In our age, intellectual activity tends to look at only the phenomenon and place it alongside another phenomenon, so that one phenomenon explains the other. But this cannot be done with the life force. With the life force, if you want to do anything at all, you always have to push something into the phenomenon from the intellectual activity. You have to, as it were, insinuate something into the phenomenon. And therein lies the cause of the gradual disquieting doubt that arose in the use of the idea of the life force. This doubt was the reason why the idea was finally abandoned and why a certain ideal arose in the widest circles, namely to regard living beings as a confluence, a combination of those forces that also prevail in inorganic nature.

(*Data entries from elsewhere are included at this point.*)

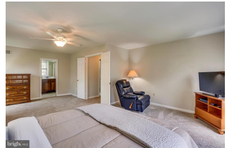
Master Bedroom with Sitting Area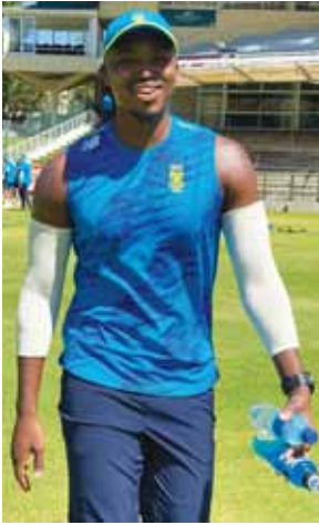
SA pacer Lungi Ngidi

South African players, match officials, administrators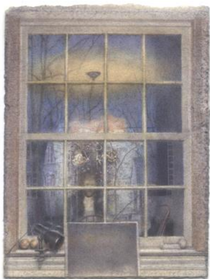
23. Self-Portrait with Blossoming Star Magnolia , 2002-2008 watercolor, graphite, and gouache on Fabriano paper image: 4 x 3", sheet: 4 x 3", frame: 14 x 11"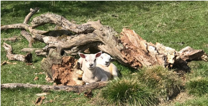
Lambs resting in the sunshine

At last it's beginning to really feel like spring now that the cold winds and night-time frost seem to be behind us. I have my fingers crossed at this point! The daffodils in Lower Elkstone have been beautiful as always and now the bluebells are at their best - a little late this year but very welcome none-the-less. The swallows swooping, the sound of the curlews, the perfume of the bluebells and wild garlic, the lambs fattening and the cows back in the fields all help to bring optimism back into our lives, not to mention the opportunity to socialise indoors again and no longer have to freeze in the pub garden! We hope that 21st June will bring a further return to normal life - whatever that may be. Unfortunately not everyone is able to fully enjoy the season and we extend our thoughts to those still suffering the after-effects of Covid in whatever way.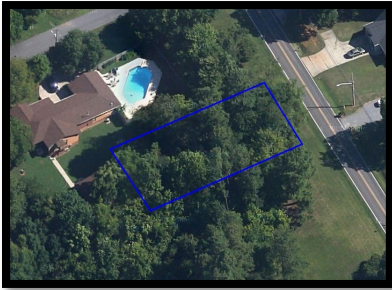
Parcel ID 12193 .3 Acres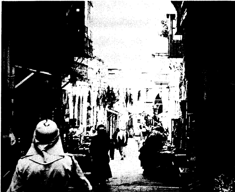
A typical street scene in the Arab Section of Old Jerusalem.

After leaving the mosque we were taken to the market, or Bazar (as they are called there). There were narrow, dirty streets packed with dirty people—all Arabs in dirty robes. There were open shops on both sides of the streets. A number of times in the crowd we were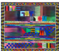
I'VE GOT YOU UNDER MY SKIN, 2020

Acrylic on canvas, glass beads and artificial sinew inset into wood frame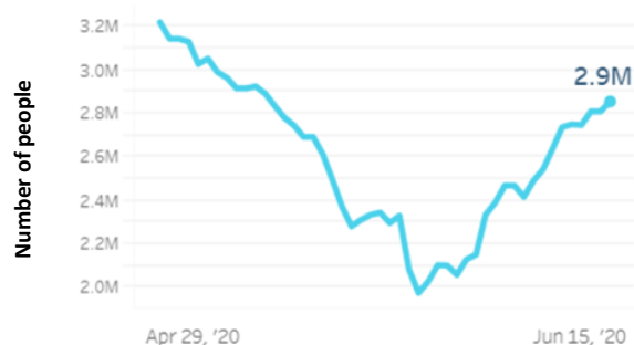
Figure 2. Number of people with insufficient food consumption, where insufficient consumption refers to those with poor and borderline food consumption according to Food Consumption Score (FCS) using a seven day recall.

reported adopting negative coping strategies. Given the sample size, this represents around 5.4 million people in the country, an increase of 40,000 people from last week. “Relying on less expensive food” was the most commonly used coping strategy, with 30.8% of whom using copings were employing this strategy. Around two million households reported that they faced challenges to access markets, an increase of 70,000 households compared to last week. “Travel restrictions” were the most commonly reported reason that people could not access markets. Around 0.7 million households reported that they faced challenges accessing health facilities, which was an increase of 30,000 individuals compared to the last week.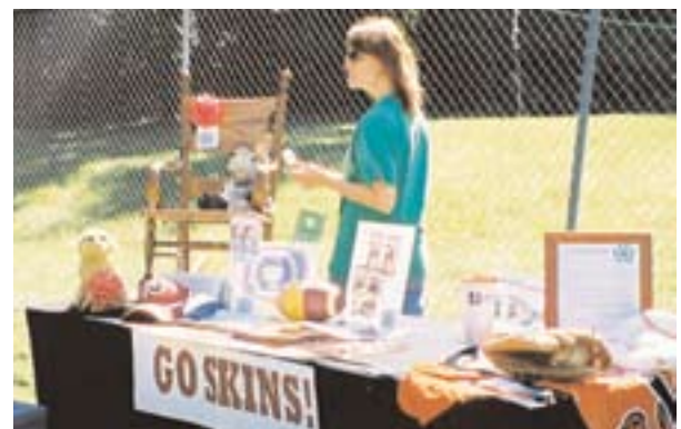
Deedee, Slinky, Oliver in pure bliss, and lots of generous donations to entice bidders at our silent auction!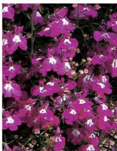
LOBELIA REGATTA ROSE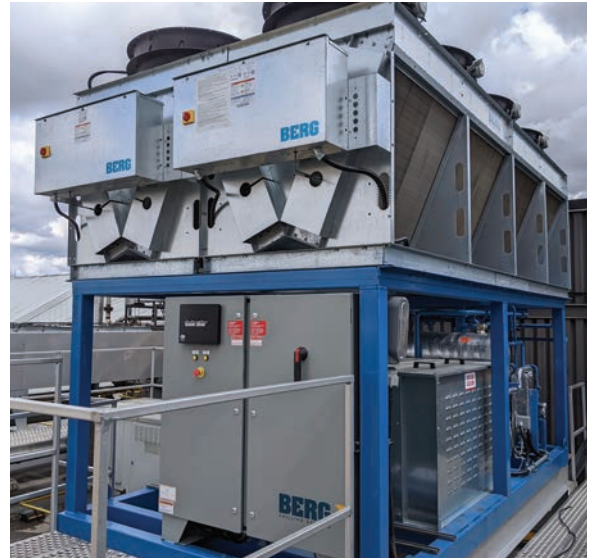
Outdoor Air-Cooled Chiller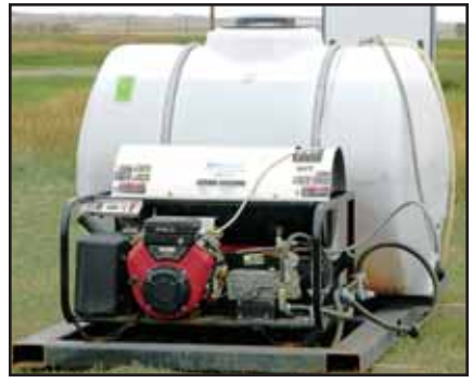
MFR RK40 PRESSURE WASHER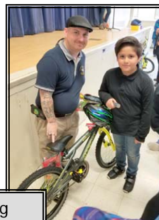
Wilson School Bike, Back Pack and Book Bag Drawing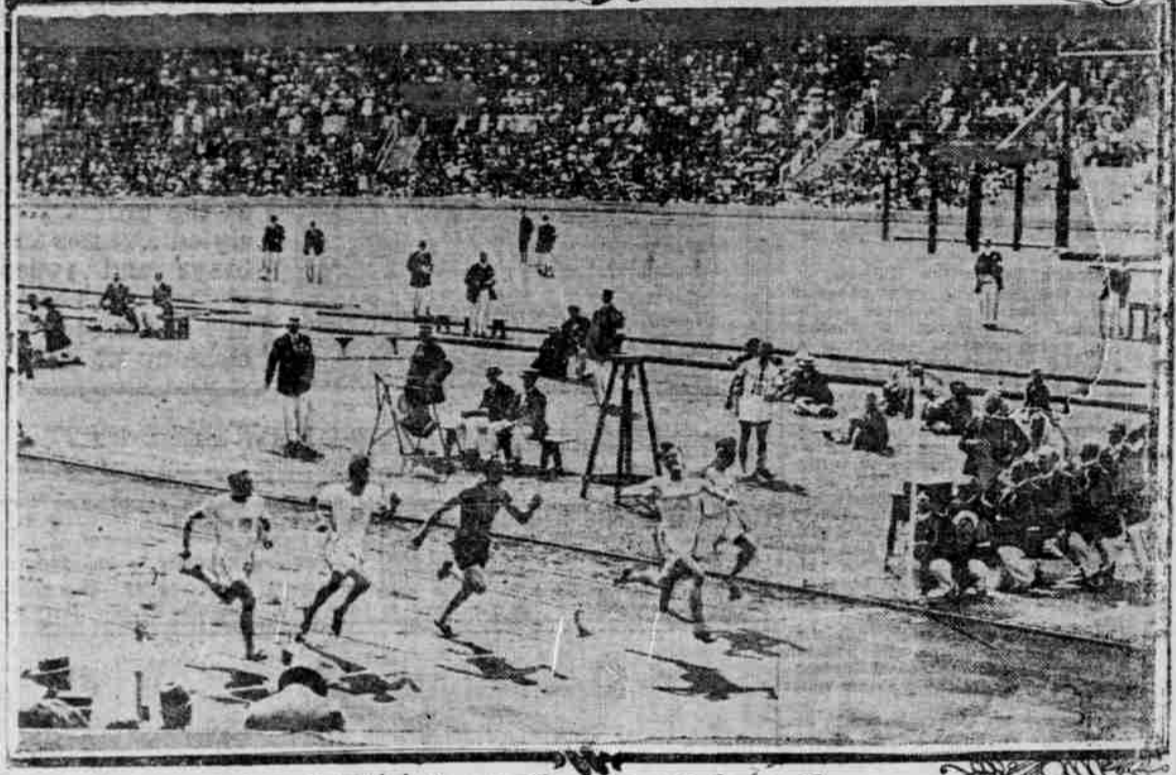
Sensational Finish of the 100 Meters Race.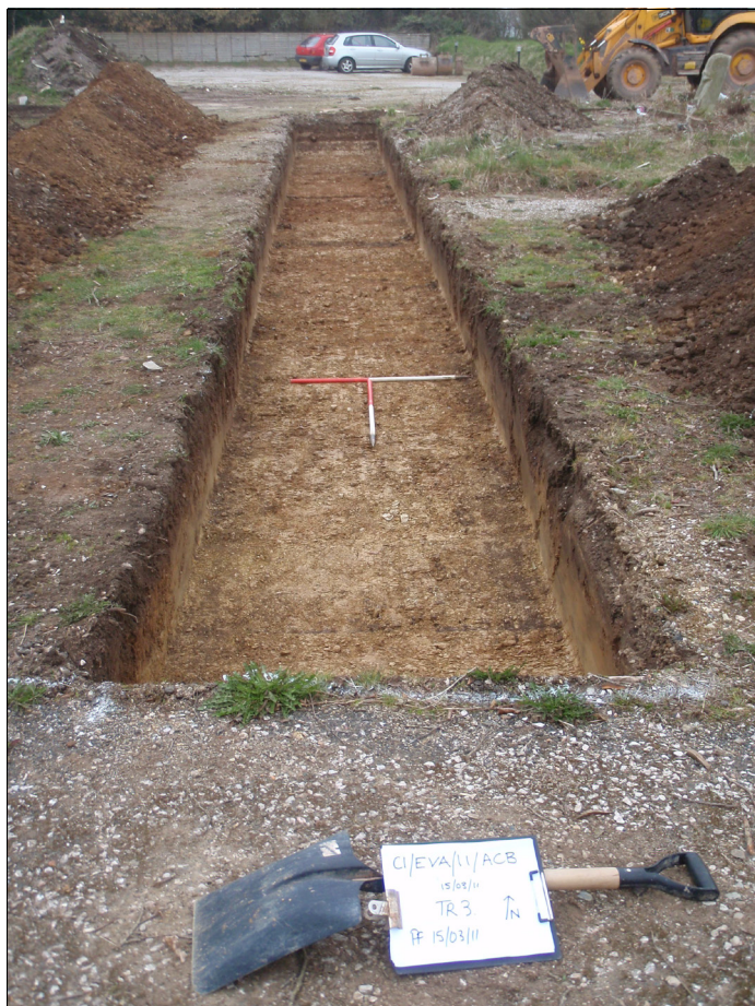
Plate 3. Trench 3, looking north, scales 1m.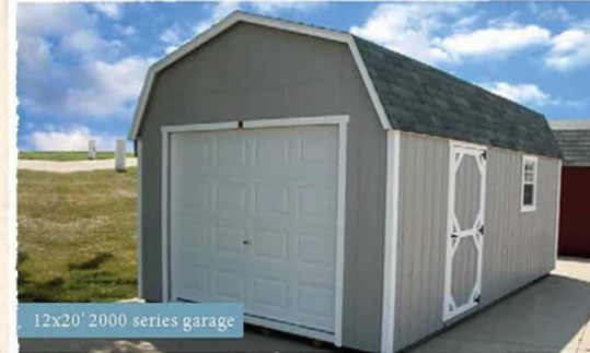
12x20' 2000 series garage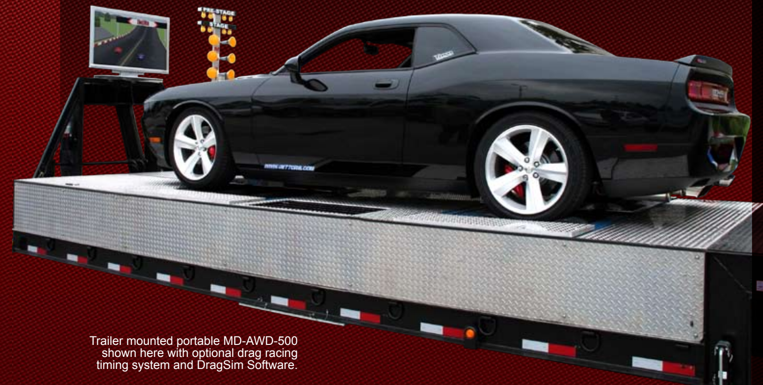
Trailer mounted portable MD-AWD-500 shown here with optional drag racing timing system and DragSim Software.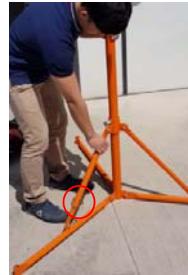
Place legs onto a flat surface and align adjustable locking column with pin holes to for uneven surface. (red circle)

In other words, the idea of the life force has actually become a kind of changeling. It was decided to look for the constitutive element in the sciences only in the phenomenon. The life force did not emerge as a phenomenon. One had to construct the vital force from the intellect, which was actually not permissible in this age of human development. That was the negative part of the development in which we find ourselves today. For in neovitalism nothing vivid occurs. What neovitalism puts in the place of an explanation of life phenomena that combines only the inorganic is nothing more than a kind of rehashing of old vitalism. And one could say that in the outer workings of scientific life there is clearly a kind of reflection of what is actually going on in the inner life of the spirit. Today I can only point to this reflection in a few isolated phenomena. But anyone who can look at the phenomena that are close together in such a way that they shed light on each other will also see the truth of what I am talking about. Until recently, until the middle of the 19th century, what was retained from an older way of looking at things, what the concepts and ideas held back from it, still figured quite unattractively as philosophy. And I tried to at least hint at what was going on with this philosophy in my first lecture in this series. But in the second half of the 19th century, there were already some strange phenomena in the field of philosophical life.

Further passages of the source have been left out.